We were shooting on a Frankencamera last night—made up of IFP’s SR body and magazines, and MCAD’s SR lens (for consistency, and also because IFP’s lens seems to vignette more than MCAD’s) and MCAD’s eyepiece. (The 16SR has a pressure-activated light trap built into the eyepiece that closes up when there’s no force against the eyecup—that’s great for many camera operators, but it makes it a real dog to try and run camera if you’re wearing glasses because you wind up smashing them into your face and fogging them up. There’s a way to lock the eyepiece open, but after much research I couldn’t figure out how, so I just took MCAD’s eyepiece, which is already locked open, and swapped it onto IFP’s camera. This fits into my overall life strategy of finding complicated solutions for simple problems.
Movie jargon time, folks! If you go on a commercial film set, you may hear an assertive and unfortunately-dressed man or woman with a clipboard bellow the phrase “CHECK THE GATE!” from time to time. Let me explain what’s going on.
That fashion maven is the first assistant director, or AD. It is their job to run the cast and crew through their paces while the director is off drinking. When they shout “check the gate,” they are telling the first camera assistant (AC) to inspect the film gate (the window that the film presses against when it gets exposed) for debris. This is important because if a hair or something gets trapped in the gate, it will leave a black outline of itself on every frame of film. So the first AC (Kathy, in the case of our shoot) will pop off the lens and shine a light in behind the shutter for a visual inspection of the gate after every good take. If the gate is clear, the AC shouts “gate is good!” and the production continues. If there is an obstruction, the AC tells the AD (or in this case me, since there is no AD on this shoot—I have to do all my drinking on my own time), who then determines whether or not an additional take is needed. If there is something in the gate, the AC cleans it out with an orangewood stick (canned air is a no-no because it can blow dirt deeper into the camera, and orangewood is used because it is a hardwood that won’t splinter or leave residue).
I’ll have one more post in the next few days to reflect on the principal photography period for this film, but I’d just like to say that every new film is a challenge, we were confronted with problems that at times seemed insurmountable, but we made it, and I’m unbelievably excited to see this footage!
In case anyone important is reading this, I’d like to thank IFP, Brandon Boulay, Matt Kane, Kathryn Criston and the rest of my amazing cast and crew, Sayer Frey, and everyone else who saved this movie and my ass time and again over the last month.
Hey, so remember that last post where I said that MCAD had a second, fully-functional Arriflex 16SR?
Yesterday was a big shooting day for us. 8 AM to 8 PM, our final day at the house location, our final day with Mike, our final day with Melissa, our first day with Jim and Amity.
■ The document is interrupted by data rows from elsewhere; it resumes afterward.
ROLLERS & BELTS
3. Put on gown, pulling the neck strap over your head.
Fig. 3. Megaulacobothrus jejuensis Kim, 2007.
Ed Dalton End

We had… I don’t know how many scenes to get through, but it was a crapload.
So remember that second SR? ‘Member?
Not a thing. Flipped the run switch, nothing happened. Took the battery out, took the magazine out, turned the inching knob, put the magazine back on, put the battery back on, took of the lens, checked the gate, put the lens back on, hit the test button… nothing. Well, I mean, sometimes it would run, but that only happened after you completely broke down the camera and put it back together again, and even then it only worked maybe one out of twenty times.
Anyway, short story? It was impossible to shoot with that camera. No frickin’ way. By 11:30 and we’d only been able to get one take. So Matt and Brandon and Kathy and I all whipped out our cell phones and started dialing everyone we could think of who might be able to get us a sync 16 camera on a Sunday afternoon.
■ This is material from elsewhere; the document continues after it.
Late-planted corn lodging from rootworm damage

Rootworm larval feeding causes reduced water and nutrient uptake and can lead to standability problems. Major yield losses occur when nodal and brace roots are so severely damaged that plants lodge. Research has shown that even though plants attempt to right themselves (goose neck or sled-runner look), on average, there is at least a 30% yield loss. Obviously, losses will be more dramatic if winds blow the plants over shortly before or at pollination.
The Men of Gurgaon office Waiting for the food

My professor wasn’t answering her phone, and the other film professors we got in touch with didn’t have any leads, and Cinequipt is closed on the weekends, and nobody had any ideas, and so I told my actors to go home and come back for a panic day shoot in two weeks (not a fun prospect, but you gotta do what you gotta do). But just as Mike was walking out the door, Kathy got a call that sounded vaguely promising, so I told him to sit tight.
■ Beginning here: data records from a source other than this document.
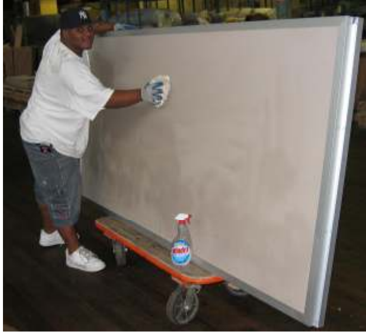
Every board is carefully cleaned before it is shipped. (Shown: J Series Bulletin Board with Forbo Cork)

Manufacturers of Custom Quality Chalk Boards, Marker Boards, Bulletin Boards and Display Cases
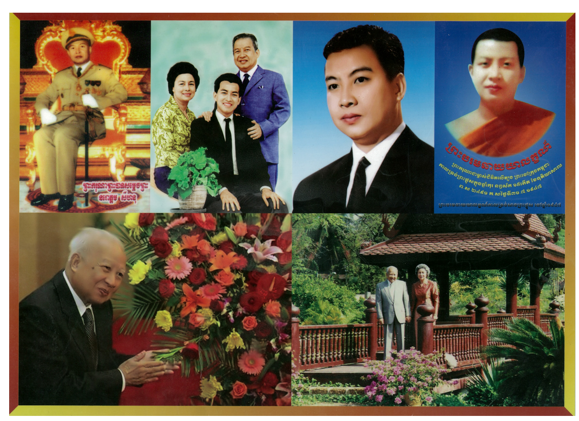
Figure 1. An A3 laminated montage poster, purchased by the author in the aftermath of Sihanouk's death.
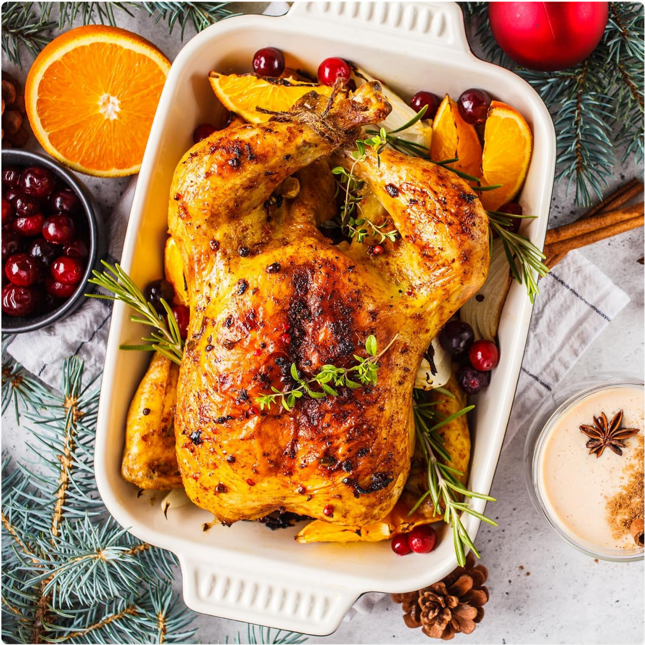
Figure 3: Example of a roasted chicken prepared in the roaster oven.

Turns out that having connections is a good thing, because Kathy knows a guy who knows a guy who works at IFP (Independent Feature Project) in St. Paul, and even though it’s closed on Sunday, the guy who knew the guy who knew Kathy said he could be at IFP in 20 minutes to let us in and check a camera package out to us.
So Matt and I leapt in the car and drove over there to pick it up, and even though nobody on our crew was a member they gave us a very good day rate (I don’t want to get too specific, but it was a number that started with zero and ended with zero), as long as we promised to seriously consider joining. Which I will do, as soon as I have money.
We also discovered (or Brandon discovered, anyway) that MCAD’s camera COULD work, too, if the little battery connector doohickey were repaired (cheap, compared to the $10,000 that Arri quoted to MCAD many moons ago). I told this to media tech Alex today and he told me that although he thought that he may have broken his foot yesterday, MCAD has a battery belt that would bypass the problem entirely without even needing any repairs. Then he smiled ironically and limped off down the hall.
Anyway, we shot some scenes in the kitchen and then moved in to shoot a scene in the bathroom that Matt had already lit in our downtime, and just as we walked through the door, water started gushing from the ceiling, down onto the floor and our wired and running 300-watt light on its giant metal stand. Frenzied shouting ensued.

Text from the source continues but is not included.